Privacy and trial lawyers

You often hear about the plaintiffs’ bar and their solicitous concern for the privacy of citizens, and how they’ll be happy to bring class actions to protect that privacy. Of course, as we have repeatedly noted (e.g., Jun. 20, 2005 and Feb. 9), that concern for privacy extends only as far as it doesn’t interfere with trial lawyers’ desire for a payday. The California Supreme Court has ruled that consumers who contact a vendor are subject to having their names given to plaintiffs’ attorneys (in this case, the super-ethical firm of Milberg Weiss) in California-state-court discovery unless such consumers explicitly take the trouble to opt out to each and every opportunity for such notification, reversing an appellate court’s ruling that names should only be given out if consumers opt in to such notification. Bruce Nye has more details about Pioneer Electronics v. Superior Court.
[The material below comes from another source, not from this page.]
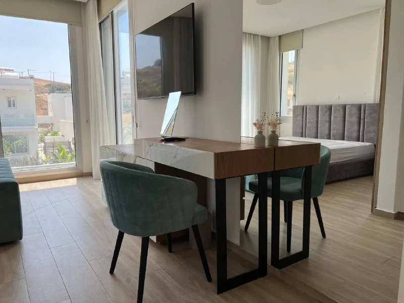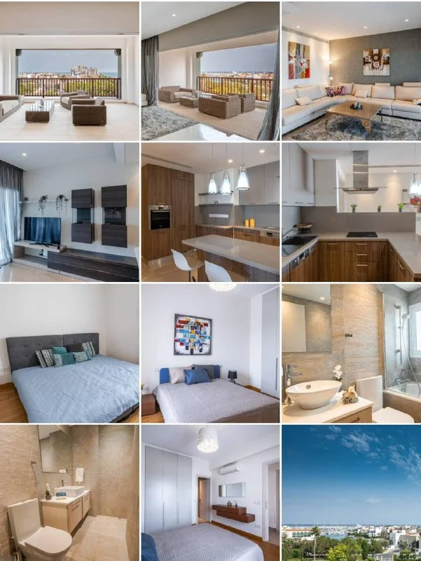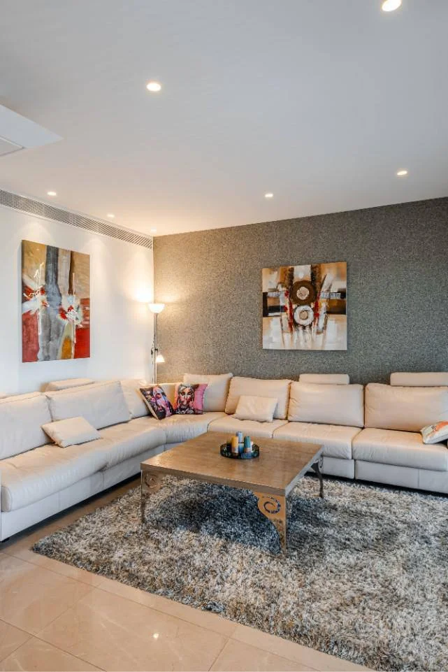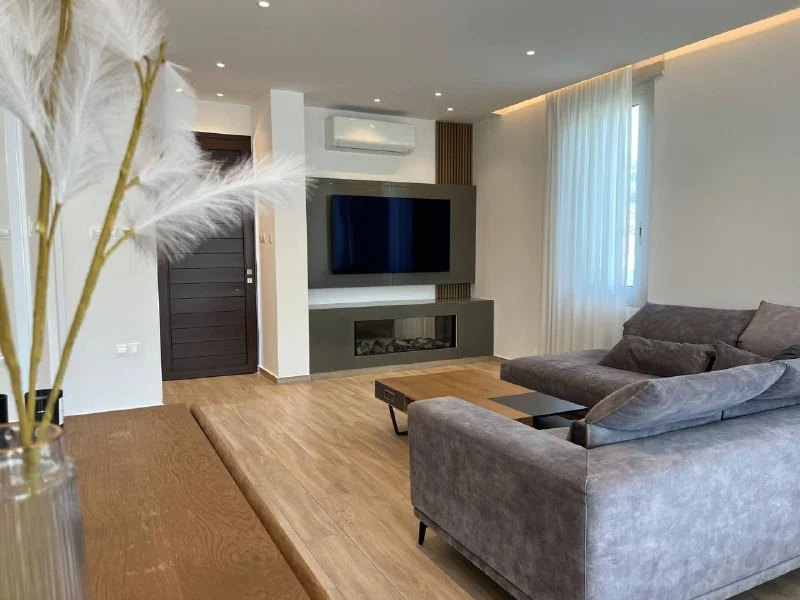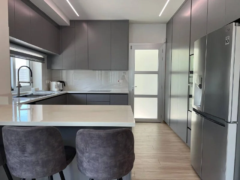 For long-term rent a stunning 2-bedroom apartment on the 3rd floor in the prestigious Nereids Residence, located just 1 minute from the sandy beach, Marina, restaurants, shops, and public transport stops.

The opinion doesn’t appear to create any limits on the ability of plaintiffs’ attorneys to use that information. We look forward to the usual suspects commenting on the need for protective legislation to prevent such privacy breaches. Right?

2 Comments

  • The trial court had already issued a protective order limiting the purposes for which the information could be used. This was mentioned during the Supreme Court oral argument. Therefore, the Supreme Court’s opinion did not need to address that issue and probably assumed that the protective order would be complied with. If it was a typical protective order, it probably limited both the persons who would be allowed to see the information and the purposes for which the information could be used.

  • While it’s entirely possible that a protective order is in place that will limit the invasion of privacy by plaintiffs’ attorneys, the California Supreme Court’s opinion made no such limitation on its sweeping rule of law, which will make it difficult for defense attorneys to obtain such protective orders in the future.